I have a bucket with several folders, and inside each several files. I just want to list the .tsv
files inside those folders that contain the pattern"*report_filtered_count10"
in their name.
I can do:
aws s3 ls s3://<my bucket> --recursive
but not:
aws s3 ls s3://<my bucket>/*/*report_filtered_count10.tsv --recursive
My workaround has been to use aws sync
and then ls
locally, like this:
aws s3 sync s3://<my bucket>/ tsv_files --exclude '*' --include '*report_filtered_count10.tsv'
ls tsv_files/*/*.tsv
... and then parse the output.
I also tried this aws sync
nomenclature with aws ls
, but it does not work either:
aws s3 ls s3://<my bucket>/ --exclude '*' --include '*report_filtered_count10.tsv'
Unknown options: --exclude,*,--include,*report_filtered_count10.tsv
Any idea how to do this simple task? my desired output would be:
s3://<my bucket>/folder1/file1_report_filtered_count10.tsv
s3://<my bucket>/folder2/file2_report_filtered_count10.tsv
s3://<my bucket>/folder3/file3_report_filtered_count10.tsv
s3://<my bucket>/folder4/file4_report_filtered_count10.tsv
s3://<my bucket>/folder5/file5_report_filtered_count10.tsv
...
In my experience, the aws s3 ls
command can be quite limited(my opinion) in its filtering capabilities, and aws s3api
provides more flexibility. For a task like this one, I’ll utilize the aws s3api list-objects-v2
command combined with grep
and awk
.
So you can use aws s3api list-objects-v2
to get detailed information about the objects, which allows for more complex filtering. And that will look something like this :
aws s3api list-objects-v2 --bucket <my-bucket> --query 'Contents[?ends_with(Key, `.tsv`)]' --output text
This command lists all .tsv
files, but it does not filter them by your specific pattern yet.

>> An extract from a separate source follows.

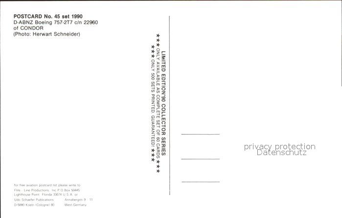 Flugzeuge Zivil Condor Boeing 757-2T7 D-ABNZ c/n 22960 postalisch nicht gelaufen Erhaltung siehe scans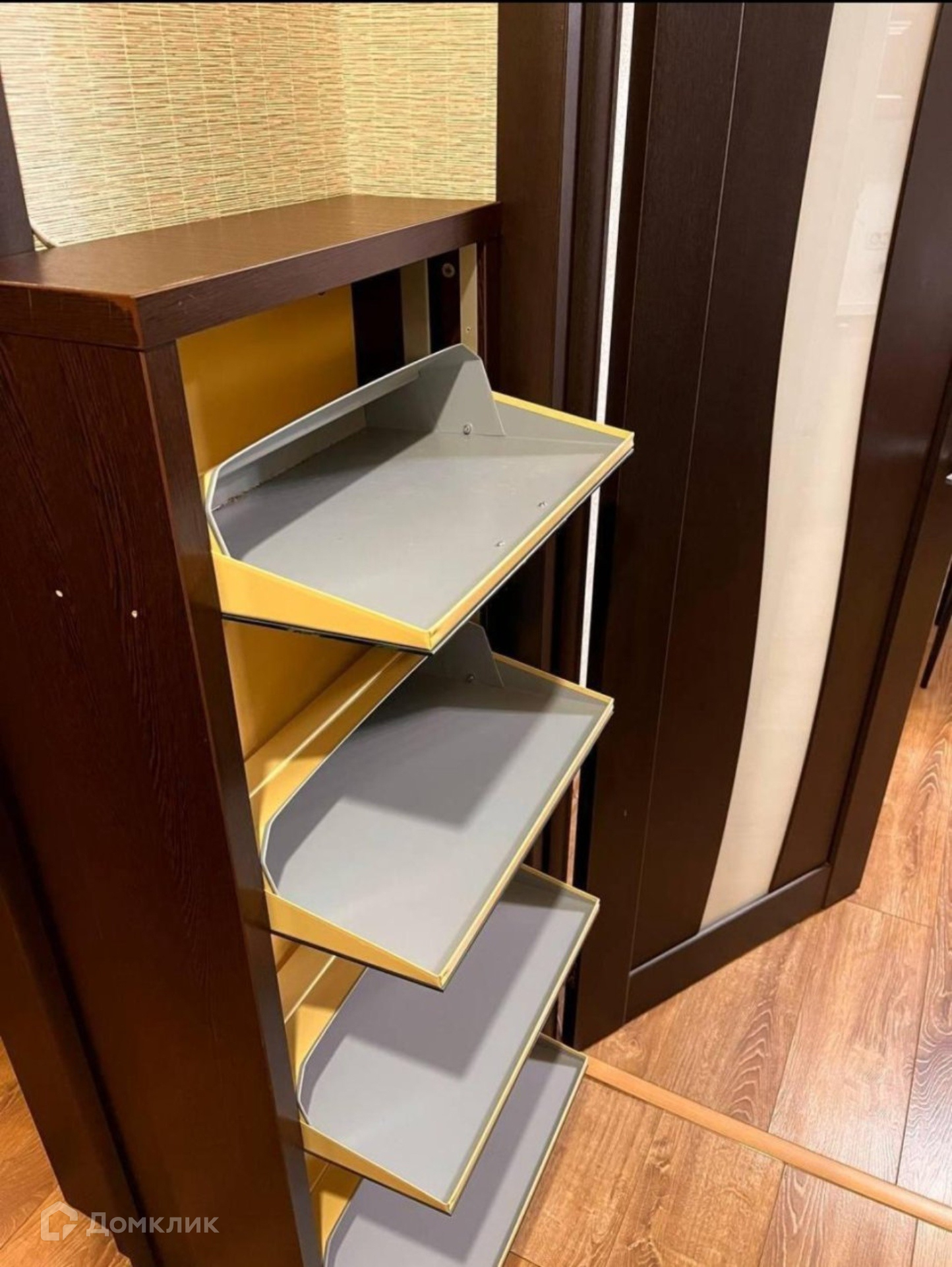 В зале большой двухспальный раскладной диван. Огромный встроенный шкаф на всю стену. Везде окна ПВХ + балкон ПВХ, обшит как изнутри, так и снаружи, внутри отделан бамбуком, имеется встроенный шкаф, подвесная сушилка для белья, полы с подогревом, освещение и т.д.

Then you can pipe the output of the above command to grep
to filter files that contain the specific pattern "*report_filtered_count10":
aws s3api list-objects-v2 --bucket <your-bucket> --query 'Contents[?ends_with(Key, `.tsv`)].Key' --output text | grep 'report_filtered_count10'
And then to prepend the S3 bucket URL path to each line of the output, you can use awk
:
aws s3api list-objects-v2 --bucket <your-bucket> --query 'Contents[?ends_with(Key, `.tsv`)].Key' --output text | grep 'report_filtered_count10' | awk '{print "s3://<my-bucket>/" $0}'
So the full command will look like this :
aws s3api list-objects-v2 --bucket <your-bucket> --query 'Contents[?ends_with(Key, `.tsv`)].Key' --output text | grep 'report_filtered_count10' | awk '{print "s3://<my-bucket>/" $0}'
This command should produce the output your expect in the format:
s3://<your-bucket>/folder1/file1_report_filtered_count10.tsv
s3://<your-bucket>/folder2/file2_report_filtered_count10.tsv
s3://<your-bucket>/folder3/file3_report_filtered_count10.tsv
...
The use of --query
in the aws s3api list-objects-v2
command helps filter the objects on the client side, reducing the need for excessive local processing.
Hope this helps or at least you can take a cue from it.